**DIRECTIONS FOR THIS TASK**
Word for word, repeat the entries, minus the pictures.

______________________________

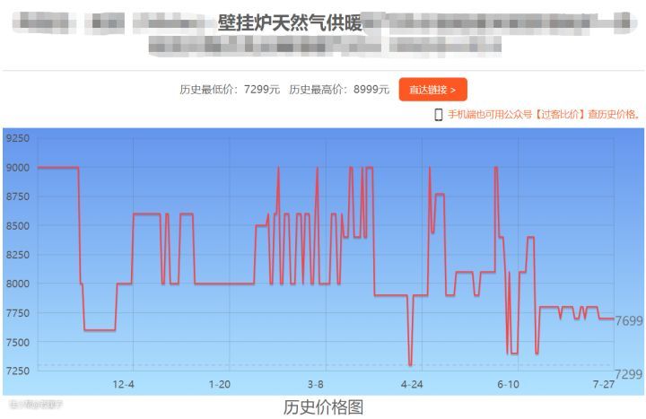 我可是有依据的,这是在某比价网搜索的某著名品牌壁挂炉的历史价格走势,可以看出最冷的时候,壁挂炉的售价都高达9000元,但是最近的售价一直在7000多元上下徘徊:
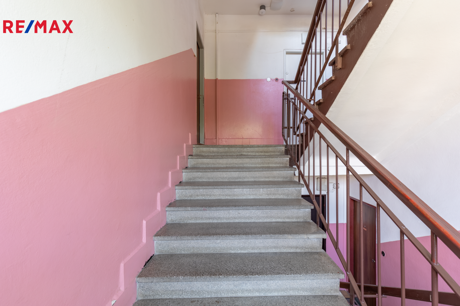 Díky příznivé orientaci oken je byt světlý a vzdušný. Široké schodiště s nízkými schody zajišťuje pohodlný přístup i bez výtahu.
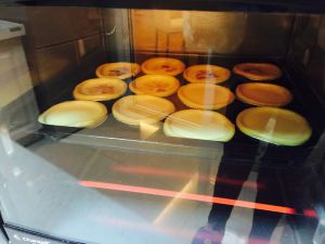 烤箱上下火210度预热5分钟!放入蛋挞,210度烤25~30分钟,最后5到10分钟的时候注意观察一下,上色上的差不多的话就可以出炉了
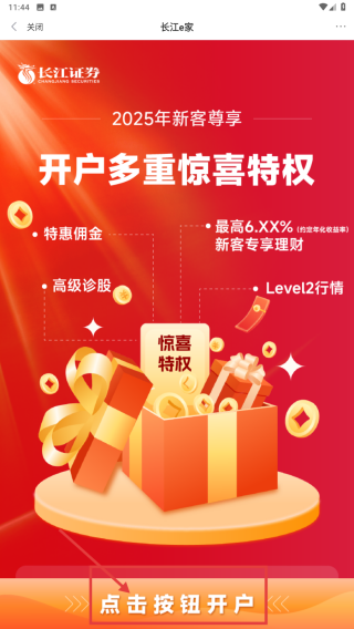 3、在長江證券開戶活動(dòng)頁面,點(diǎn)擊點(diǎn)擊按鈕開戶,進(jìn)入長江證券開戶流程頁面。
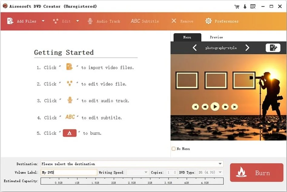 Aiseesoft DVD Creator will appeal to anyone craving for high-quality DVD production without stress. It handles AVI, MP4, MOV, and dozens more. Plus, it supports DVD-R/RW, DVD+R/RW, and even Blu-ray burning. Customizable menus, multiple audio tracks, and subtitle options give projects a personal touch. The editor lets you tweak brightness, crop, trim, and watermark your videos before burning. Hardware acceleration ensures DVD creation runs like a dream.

______________________________

**FINISHED TASK**
 我可是有依据的,这是在某比价网搜索的某著名品牌壁挂炉的历史价格走势,可以看出最冷的时候,壁挂炉的售价都高达9000元,但是最近的售价一直在7000多元上下徘徊:
 Díky příznivé orientaci oken je byt světlý a vzdušný. Široké schodiště s nízkými schody zajišťuje pohodlný přístup i bez výtahu.
 烤箱上下火210度预热5分钟!放入蛋挞,210度烤25~30分钟,最后5到10分钟的时候注意观察一下,上色上的差不多的话就可以出炉了
 3、在長江證券開戶活動(dòng)頁面,點(diǎn)擊點(diǎn)擊按鈕開戶,進(jìn)入長江證券開戶流程頁面。
 Aiseesoft DVD Creator will appeal to anyone craving for high-quality DVD production without stress. It handles AVI, MP4, MOV, and dozens more. Plus, it supports DVD-R/RW, DVD+R/RW, and even Blu-ray burning. Customizable menus, multiple audio tracks, and subtitle options give projects a personal touch. The editor lets you tweak brightness, crop, trim, and watermark your videos before burning. Hardware acceleration ensures DVD creation runs like a dream.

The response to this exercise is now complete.